本稿では,ロバストネス向上型テスト時間変換(TETRA)について紹介する。
本研究では,提案手法が最先端の成果を達成し,広範囲な実験を通じてその主張を検証した。
- 参考スコア(独自算出の注目度): 14.603209216642034
- License: http://arxiv.org/licenses/nonexclusive-distrib/1.0/
- Abstract: It has been recently discovered that adversarially trained classifiers
exhibit an intriguing property, referred to as perceptually aligned gradients
(PAG). PAG implies that the gradients of such classifiers possess a meaningful
structure, aligned with human perception. Adversarial training is currently the
best-known way to achieve classification robustness under adversarial attacks.
The PAG property, however, has yet to be leveraged for further improving
classifier robustness. In this work, we introduce Classifier Robustness
Enhancement Via Test-Time Transformation (TETRA) -- a novel defense method that
utilizes PAG, enhancing the performance of trained robust classifiers. Our
method operates in two phases. First, it modifies the input image via a
designated targeted adversarial attack into each of the dataset's classes.
Then, it classifies the input image based on the distance to each of the
modified instances, with the assumption that the shortest distance relates to
the true class. We show that the proposed method achieves state-of-the-art
results and validate our claim through extensive experiments on a variety of
defense methods, classifier architectures, and datasets. We also empirically
demonstrate that TETRA can boost the accuracy of any differentiable adversarial
training classifier across a variety of attacks, including ones unseen at
training.
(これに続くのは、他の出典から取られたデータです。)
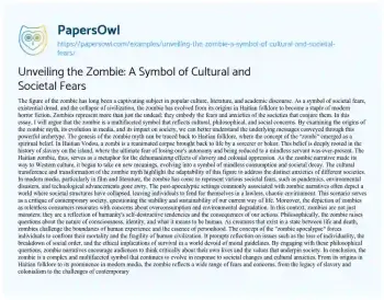 Unveiling the Zombie: A Symbol of Cultural and Societal Fears. (2025, Mar 28). Retrieved from https://hub.papersowl.com/examples/unveiling-the-zombie-a-symbol-of-cultural-and-societal-fears/

Specifically, applying TETRA leads to substantial improvement of up
to $+23\%$, $+20\%$, and $+26\%$ on CIFAR10, CIFAR100, and ImageNet,
respectively.
- Abstract(参考訳): 近年,敵対的に訓練された分類器は,知覚整合勾配(PAG)と呼ばれる興味深い性質を示すことが判明している。
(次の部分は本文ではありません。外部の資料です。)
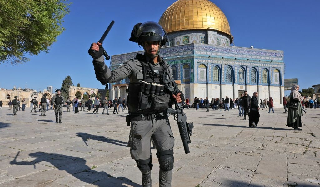 TOPSHOT - A member of the Israeli security forces lifts his batton in front of the Dome of the Rock mosque during clashes at Jerusalem's Al-Aqsa mosque compound, on April 15, 2022. - Witnesses said that Palestinian protestors threw stones at Israeli security forces, who fired rubber bullets at some of the demonstrators. (Photo by AHMAD GHARABLI / AFP) (Photo by AHMAD GHARABLI/AFP via Getty Images)

PAGは、そのような分類器の勾配が人間の知覚に合わせた意味のある構造を持っていることを示唆している。
対戦訓練は、現在、敵攻撃下での分類堅牢性を達成するための最もよく知られている方法である。
しかしながら、PAG特性は、分類器の堅牢性をさらに向上するために、まだ活用されていない。
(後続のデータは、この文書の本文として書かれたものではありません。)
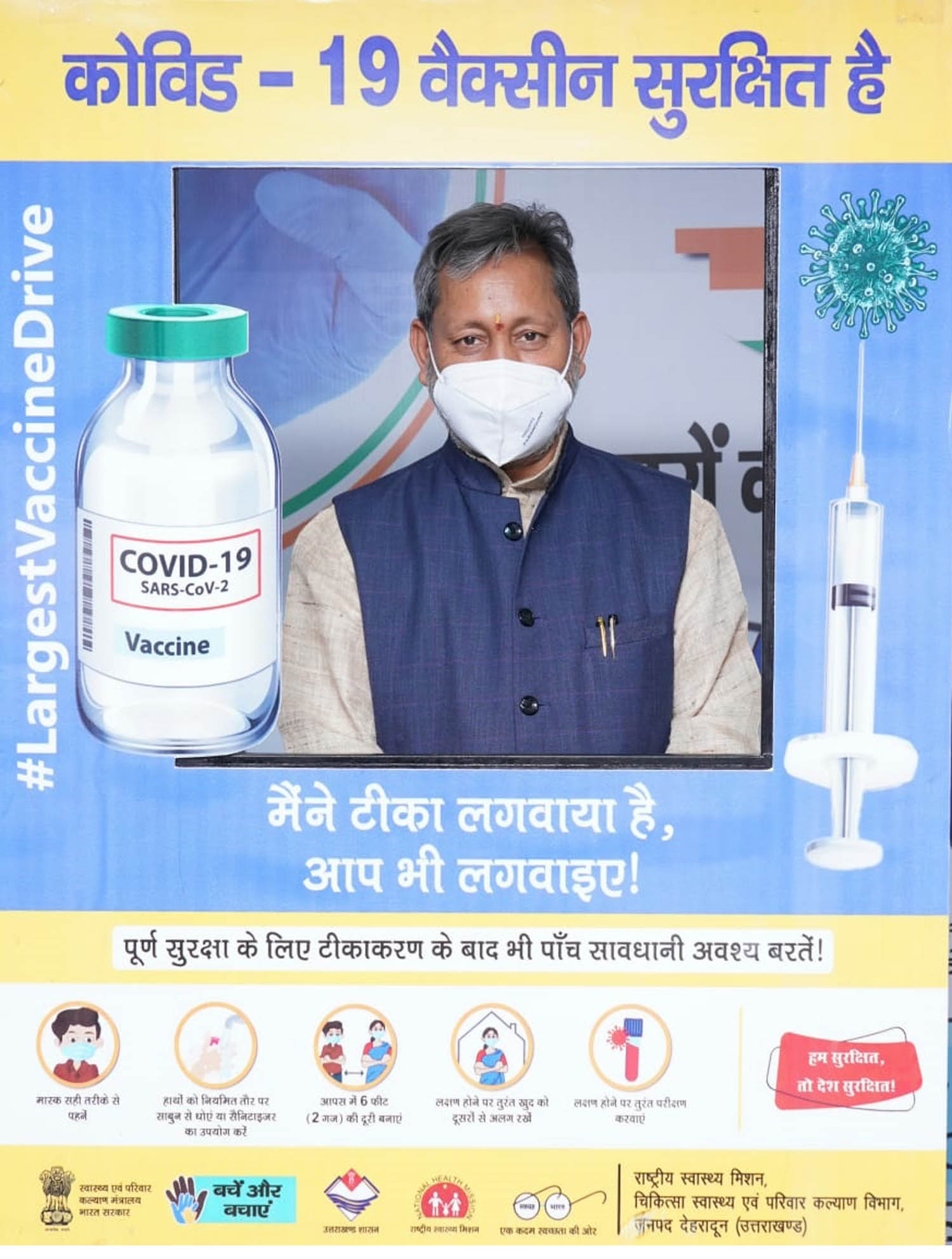 मुख्यमंत्री श्री तीरथ सिंह रावत जी व उनकी पत्नी श्रीमती रश्मि रावत ने दून मेडिकल कॉलेज अस्पताल पहुँचकर प्राचार्य डॉ आशुतोष सयाना व अपने फिजिशियन डॉ एन.एस. बिष्ट की निगरानी में कोविड वैक्सीनेशन करवाया। इस अवसर पर मुख्यमंत्री जी ने कहा कि कोरोना की रोकथाम के लिए जरूरी है कि सभी लोग वैक्सीन अवश्य लगवाएं। उन्होंने कहा कि बहुत जल्द उत्तराखंड में 18 से 45 आयु वर्ग के लोगों के लिए भी वैक्सीनेशन शुरू होने जा रहा है। सूचना एवं लोक सम्पर्क विभाग।

本研究では,PAGを利用した新しい防御手法であるTETRA(Classifier Robustness Enhancement Via Test-Time Transformation)を導入し,頑健な分類器の性能を向上させる。
我々の方法は2段階ある。
まず、指定されたターゲットの敵攻撃を通じて入力画像をデータセットの各クラスに修正する。
そして、最も短い距離が真のクラスと関係していると仮定して、修正された各インスタンスとの距離に基づいて入力イメージを分類する。
提案手法は, 各種防衛手法, 分類器アーキテクチャ, データセットに関する広範囲な実験により, 現状の成果を達成し, 請求項の検証を行う。
また、TETRAは、訓練中に見えないものを含む様々な攻撃に対して、識別可能な訓練分類器の精度を高めることができることを実証的に実証した。
具体的には、TETRAを適用すると、CIFAR10、CIFAR100、ImageNetで最大$+23\%$、$+20\%$、$+26\%$が大幅に改善される。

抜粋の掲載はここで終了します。